Originally posted at 12/6/2010
I recently had a few discussions with several startups, in the process of going to the cloud. One of the first questions that I ask is “what is your licensing/revue model?”.
At first, I usually get some very funny looks, I am not there to do business consulting, but to do technical stuff. Why do I stick my nose into things that have absolutely nothing to do with technical stuff?
The answer is quite simple, you have to consider the money side of things in your architecture. Let me give you a real world example. A startup that I was talking with was talking about creating a SAAS system on the cloud. Each client would pay a flat fee of 150$ per month. When I started talking with them, the idea was to use EC2’s ability to just create a new node on the fly, and give each client their own server. That would allow very easy development and deployment, and remove a whole bunch of complexity.
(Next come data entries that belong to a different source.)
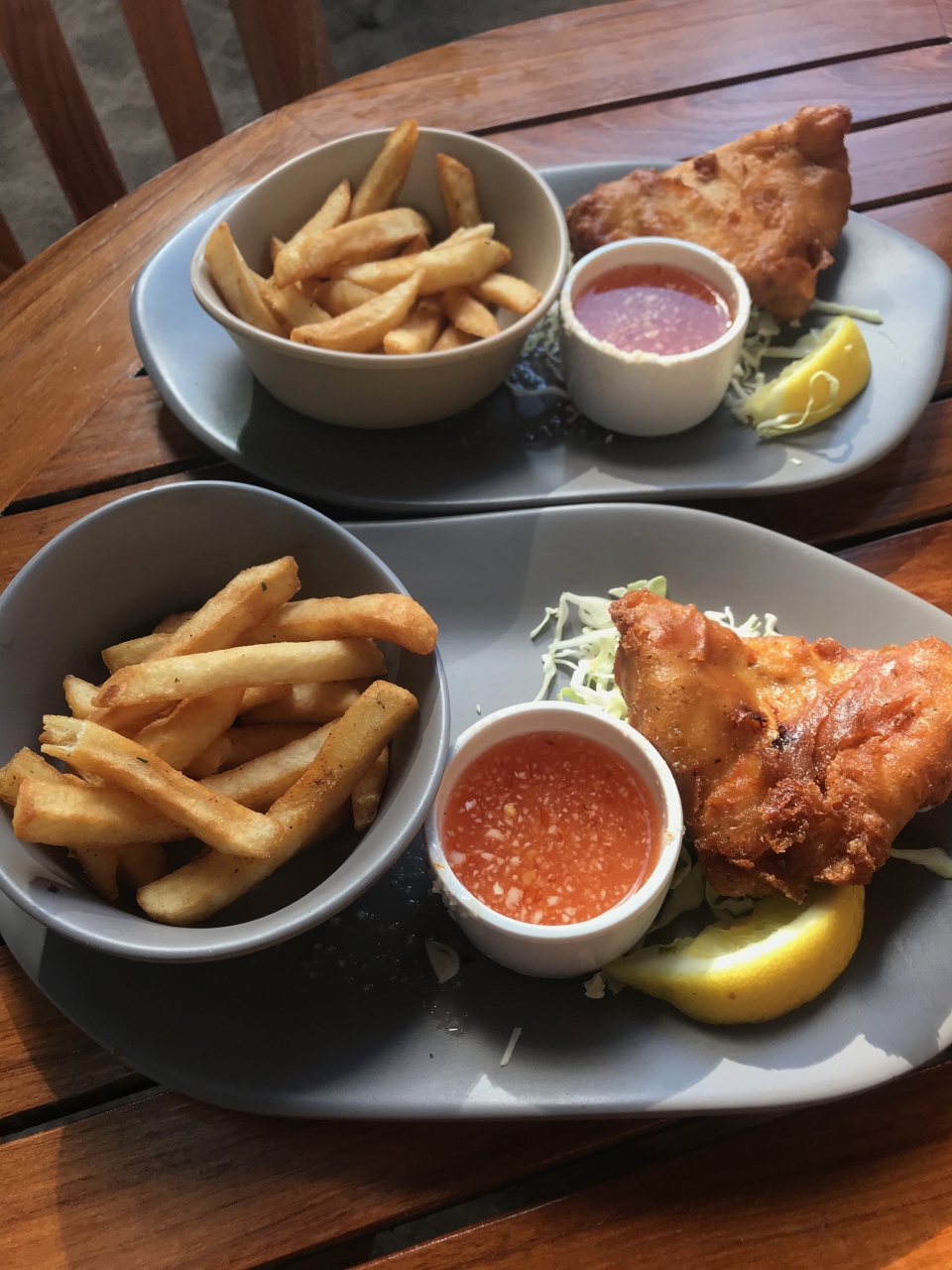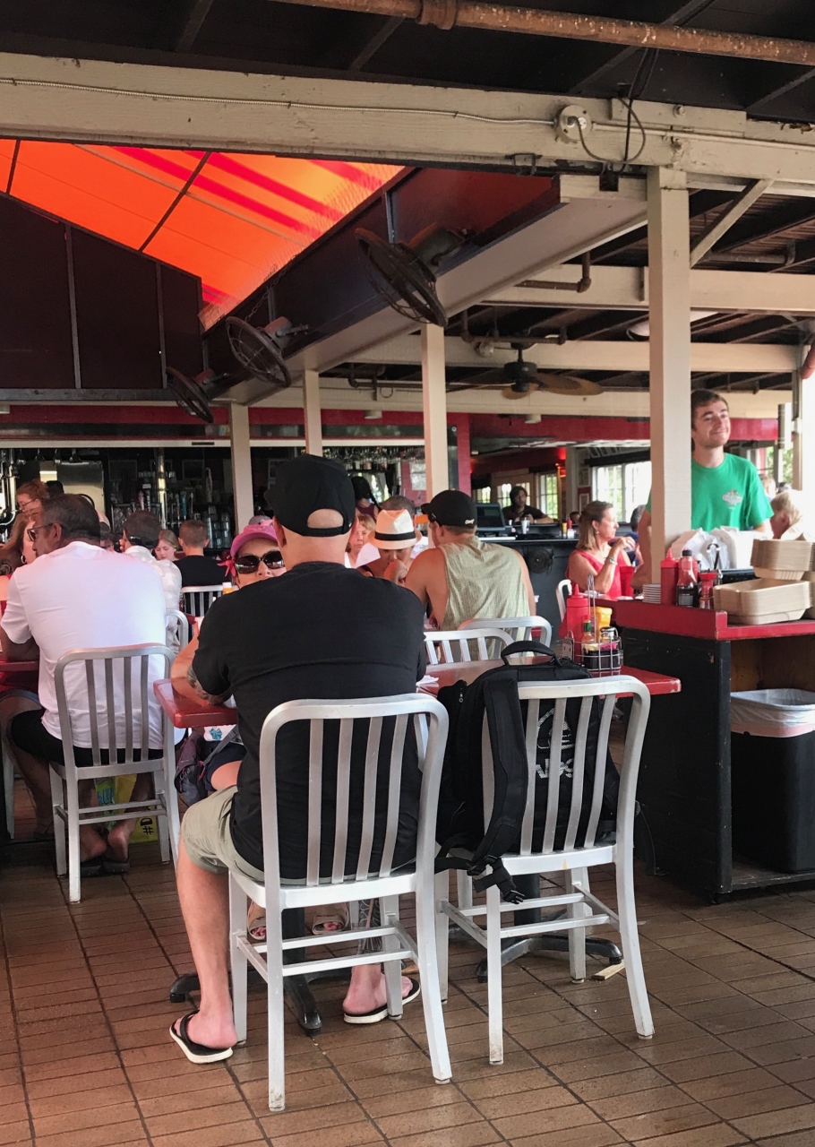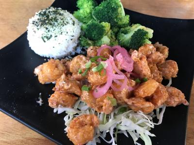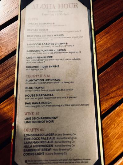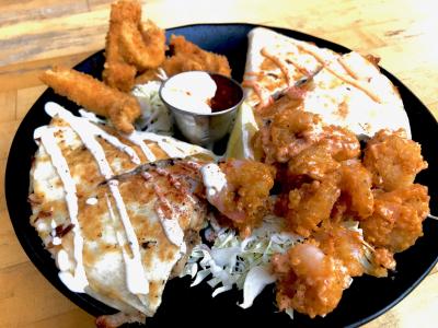 サンプラー・プレート(21.5$)というエビフライ、イカフライ、カルア豚、など色々と入ったセットが人気で、エビがプリプリでビールが進みます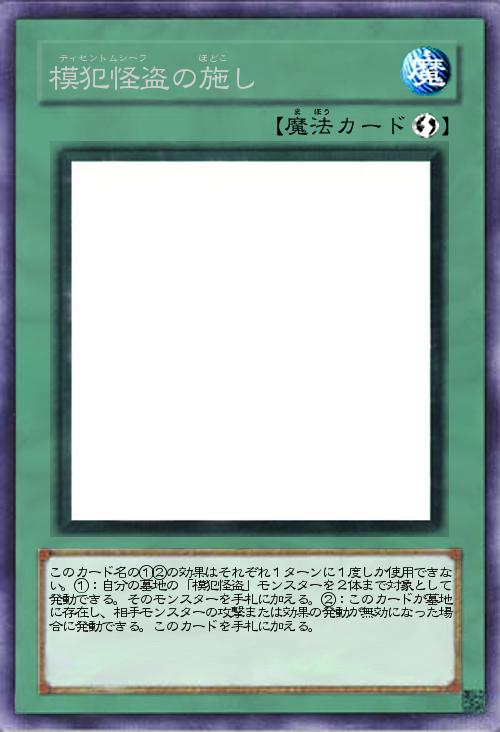 「オリジナルテーマ「模犯怪盗」の魔法カードです。カード名の「模犯怪盗」のルビは「ディセントムシーフ」です。」(2022-03-17 22:21)
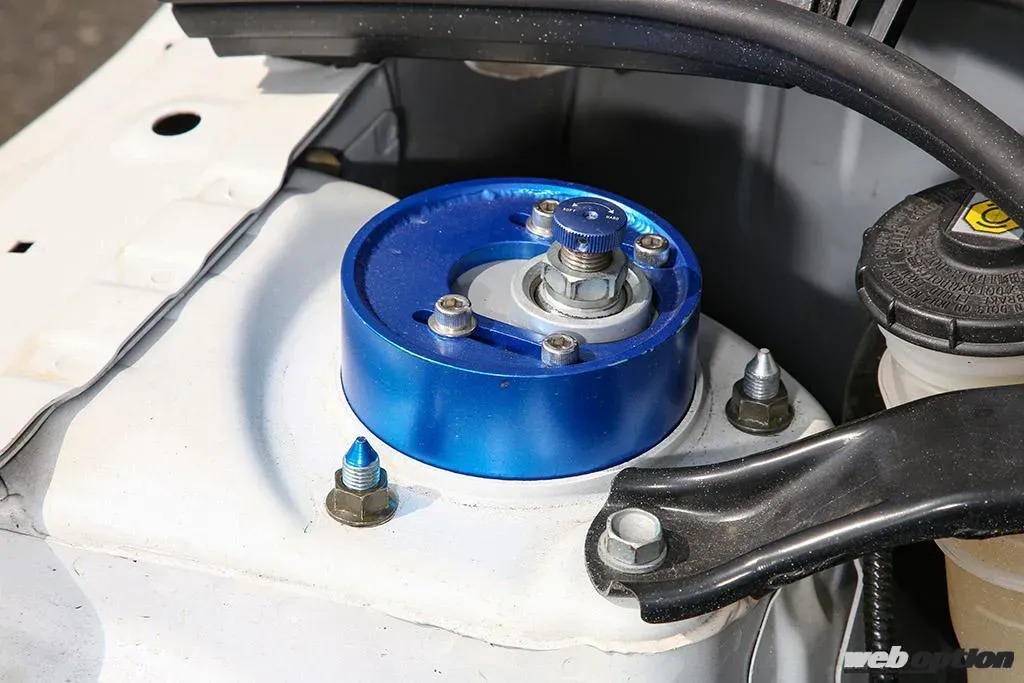 ノーマルに対してポテンシャルが大きく高まっていくと、トータルパッケージングの底上げが重要だ。とくに足回りはフロントのストローク不足がネックとなってくるため、トップフューエルは、ストロークを増やせるアッパーマウント(キャンバー調整式)を用意。そこにトップフューエル・ブルーダンパー(F8kg/mm R10kg/mm)をインストールして旋回性能を高めている。

I even agreed, except that I raised one small problem. Each server would cost them roughly 250$ per month. I had to ask them: “Do you intend to make it up in volume?”
We always had to make those sort of calls, but especially when we are using the cloud it becomes so much clearer. We have to take into account the actual real world costs of our architecture choices, and in many cases, we have to adapt our practices to the actual economical realities.
Comments
maybe they run a charity;)
Eons ago, when IT departments had their resource limited, the question would be: "do we have enough servers to make it running all night long?". If no, the deliberations about buying would have been started. Now, because of the ease, the question is postponed for a while, isn't it?
What was the complexity they were avoiding - security sandboxing?
I had this discussion several times at my old workplace.
It's all very well coming up with a nice figure that undercuts the nearest competitor - but you need your costs to come in at under that nice figure.
Same with offering services like "24x7 phone support" - Unless someone's working for free, that costs real money too.